Task item = Lines in which "during" appears should be pulled from the data below.

Source data =
○ ○ ○ ○ ○

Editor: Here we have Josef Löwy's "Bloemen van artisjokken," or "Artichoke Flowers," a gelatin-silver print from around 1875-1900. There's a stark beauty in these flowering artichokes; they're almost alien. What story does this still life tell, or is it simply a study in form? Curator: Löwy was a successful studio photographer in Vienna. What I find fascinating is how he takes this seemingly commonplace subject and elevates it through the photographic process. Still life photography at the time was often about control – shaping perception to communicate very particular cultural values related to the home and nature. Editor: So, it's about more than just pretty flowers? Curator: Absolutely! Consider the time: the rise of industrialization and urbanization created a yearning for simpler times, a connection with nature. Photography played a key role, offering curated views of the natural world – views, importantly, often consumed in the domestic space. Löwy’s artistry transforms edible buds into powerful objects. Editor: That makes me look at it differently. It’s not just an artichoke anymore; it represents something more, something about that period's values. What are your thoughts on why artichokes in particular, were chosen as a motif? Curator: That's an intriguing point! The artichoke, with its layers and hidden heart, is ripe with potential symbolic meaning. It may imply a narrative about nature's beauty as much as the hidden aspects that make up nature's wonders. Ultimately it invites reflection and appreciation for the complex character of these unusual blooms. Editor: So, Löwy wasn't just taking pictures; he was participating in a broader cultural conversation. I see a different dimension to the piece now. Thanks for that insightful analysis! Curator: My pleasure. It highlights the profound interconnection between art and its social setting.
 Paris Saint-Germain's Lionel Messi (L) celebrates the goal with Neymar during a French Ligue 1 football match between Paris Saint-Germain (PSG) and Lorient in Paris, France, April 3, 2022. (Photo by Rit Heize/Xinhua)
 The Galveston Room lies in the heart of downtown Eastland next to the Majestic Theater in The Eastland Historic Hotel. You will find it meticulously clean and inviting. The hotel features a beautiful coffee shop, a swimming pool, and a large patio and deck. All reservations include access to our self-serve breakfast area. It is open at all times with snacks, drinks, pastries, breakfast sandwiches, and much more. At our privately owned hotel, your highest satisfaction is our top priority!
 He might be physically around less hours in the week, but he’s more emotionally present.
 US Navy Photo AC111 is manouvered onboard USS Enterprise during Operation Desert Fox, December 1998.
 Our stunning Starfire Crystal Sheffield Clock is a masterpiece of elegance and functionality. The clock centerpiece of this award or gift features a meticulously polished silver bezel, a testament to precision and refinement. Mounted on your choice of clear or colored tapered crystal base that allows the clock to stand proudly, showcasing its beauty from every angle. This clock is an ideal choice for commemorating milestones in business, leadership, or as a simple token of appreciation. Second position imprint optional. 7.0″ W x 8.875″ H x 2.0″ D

○ ○ ○ ○ ○

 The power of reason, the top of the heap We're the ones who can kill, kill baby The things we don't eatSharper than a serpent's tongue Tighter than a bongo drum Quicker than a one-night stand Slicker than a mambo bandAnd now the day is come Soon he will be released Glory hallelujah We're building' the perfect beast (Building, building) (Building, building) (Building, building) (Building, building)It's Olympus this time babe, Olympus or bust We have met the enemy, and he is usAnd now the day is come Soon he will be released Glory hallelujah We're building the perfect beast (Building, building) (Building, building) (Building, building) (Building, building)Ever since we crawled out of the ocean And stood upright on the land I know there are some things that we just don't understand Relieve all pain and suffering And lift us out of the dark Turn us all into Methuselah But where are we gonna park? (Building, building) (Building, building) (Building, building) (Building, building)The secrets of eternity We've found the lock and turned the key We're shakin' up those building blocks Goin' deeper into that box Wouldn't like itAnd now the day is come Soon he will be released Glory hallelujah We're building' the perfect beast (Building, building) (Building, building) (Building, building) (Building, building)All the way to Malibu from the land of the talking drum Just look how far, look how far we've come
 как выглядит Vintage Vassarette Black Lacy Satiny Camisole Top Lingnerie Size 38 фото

○ ○ ○ ○ ○

Solution to this task =
 Paris Saint-Germain's Lionel Messi (L) celebrates the goal with Neymar during a French Ligue 1 football match between Paris Saint-Germain (PSG) and Lorient in Paris, France, April 3, 2022. (Photo by Rit Heize/Xinhua)
 US Navy Photo AC111 is manouvered onboard USS Enterprise during Operation Desert Fox, December 1998.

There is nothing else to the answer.